=== Begin Enclosure ===

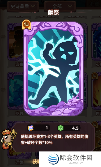使用小技巧:在前期使用,整体会收益很大的一张牌。你总不想破坏自己的神话英雄才获得增伤效果吧?前期使用献祭消灭自己的普通英雄,可以获10%~30%的整体增伤,后续召唤的英雄也享受此加成哦~
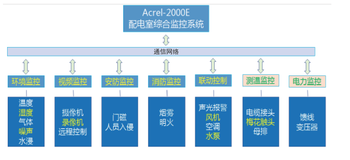 Acrel-2000E配電室綜合監(jiān)控系統(tǒng),可實現(xiàn)開關(guān)柜運行監(jiān)控、高壓開關(guān)柜帶電顯示、電流電壓等負載運行監(jiān)測、母線及電纜測溫監(jiān)測、環(huán)境溫濕度監(jiān)測、有害氣體監(jiān)測、安防監(jiān)控,可對燈光、風機、除濕機、空調(diào)控制等設備進行聯(lián)動控制。實現(xiàn)動力環(huán)境各數(shù)據(jù)的檢測與設備控制,優(yōu)化動力環(huán)境,避免運行環(huán)境的失控導致配電設備運行故障,保證維護人員安全,延長設備使用壽命,實現(xiàn)配電動力環(huán)境的分布式遠程管理。
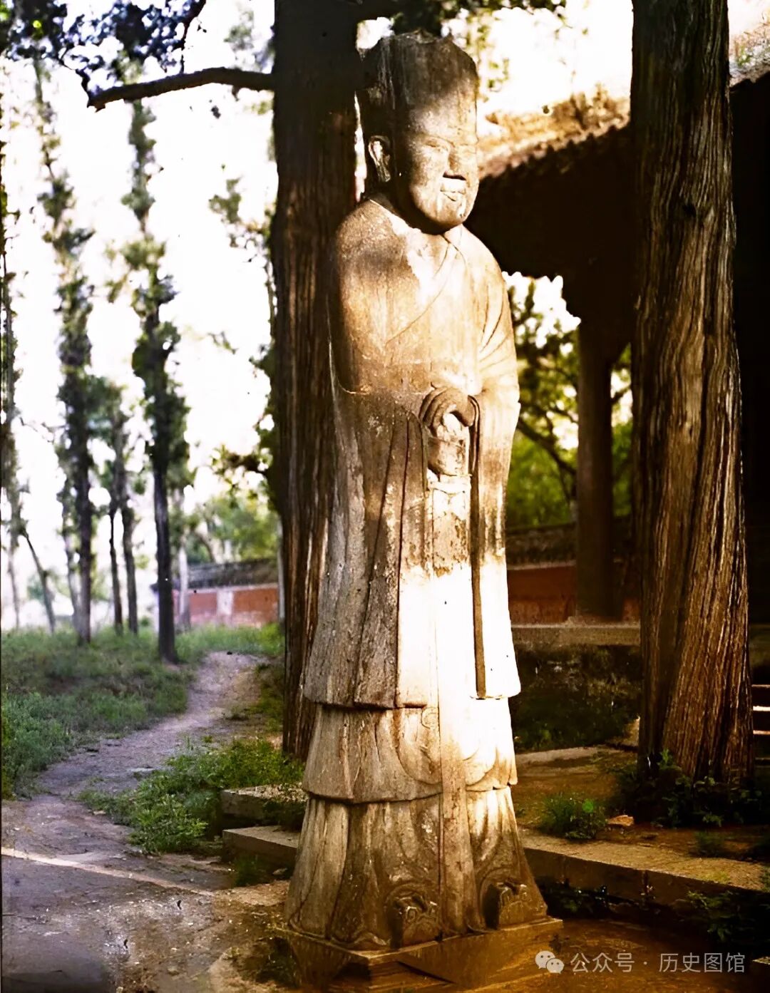 享殿前的甬道两侧,有四对石雕。分别为:华表、文豹、角端、翁仲。站在殿前的石人像分列左右,均称翁仲。文者执笏,武者按剑。
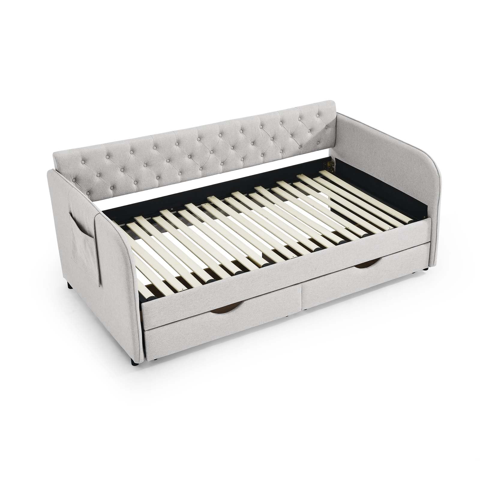 80.5" Tufted Linen Daybed with Trundle and Storage Drawer
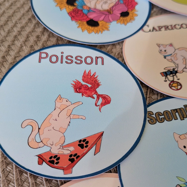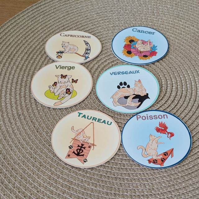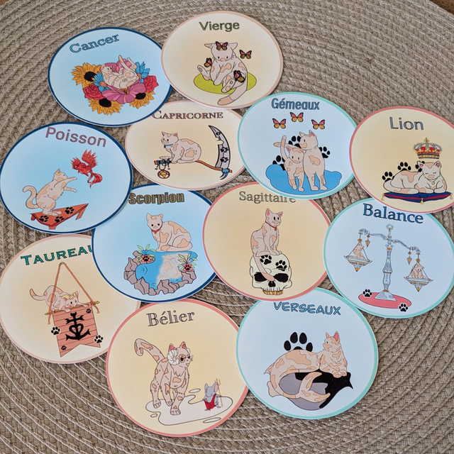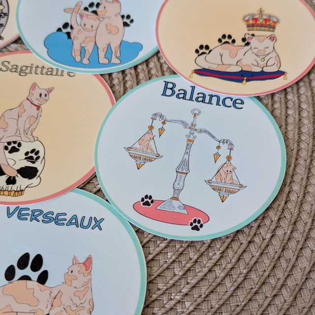 12 stickers représentant les 12 signes astrologiques occidentaux mettant en scène un chat tacheté.
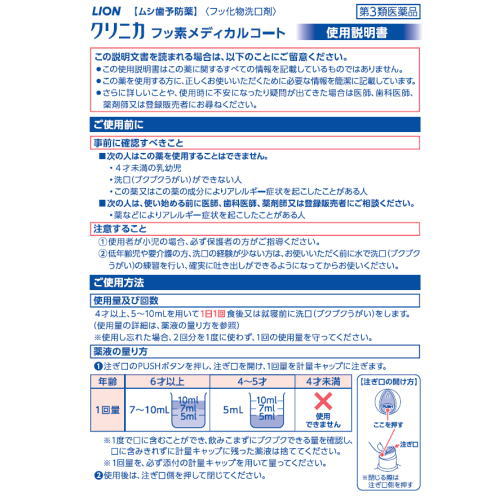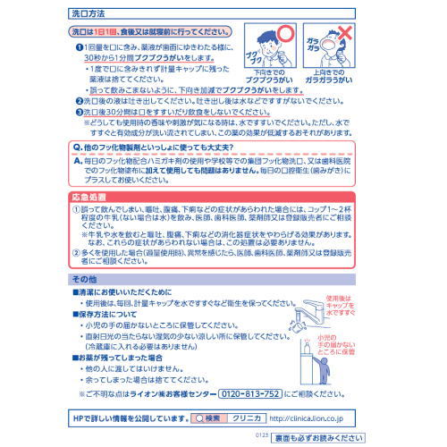 (5)低年齢児や要介護の方、洗口の経験の少ない方は、水で洗口(ブクブクうがい)の練習を行い、確実に吐き出せることを確認してからご使用ください。

=== End Enclosure ===

[EXERCISE]: Return only the lines from the one containing "Acrel-2000E配電室" through the last line of the entries above, exactly as written and without pictures.

[EXPECTED ANSWER]:
 Acrel-2000E配電室綜合監(jiān)控系統(tǒng),可實現(xiàn)開關(guān)柜運行監(jiān)控、高壓開關(guān)柜帶電顯示、電流電壓等負載運行監(jiān)測、母線及電纜測溫監(jiān)測、環(huán)境溫濕度監(jiān)測、有害氣體監(jiān)測、安防監(jiān)控,可對燈光、風機、除濕機、空調(diào)控制等設備進行聯(lián)動控制。實現(xiàn)動力環(huán)境各數(shù)據(jù)的檢測與設備控制,優(yōu)化動力環(huán)境,避免運行環(huán)境的失控導致配電設備運行故障,保證維護人員安全,延長設備使用壽命,實現(xiàn)配電動力環(huán)境的分布式遠程管理。
 享殿前的甬道两侧,有四对石雕。分别为:华表、文豹、角端、翁仲。站在殿前的石人像分列左右,均称翁仲。文者执笏,武者按剑。
 80.5" Tufted Linen Daybed with Trundle and Storage Drawer
 12 stickers représentant les 12 signes astrologiques occidentaux mettant en scène un chat tacheté.
 (5)低年齢児や要介護の方、洗口の経験の少ない方は、水で洗口(ブクブクうがい)の練習を行い、確実に吐き出せることを確認してからご使用ください。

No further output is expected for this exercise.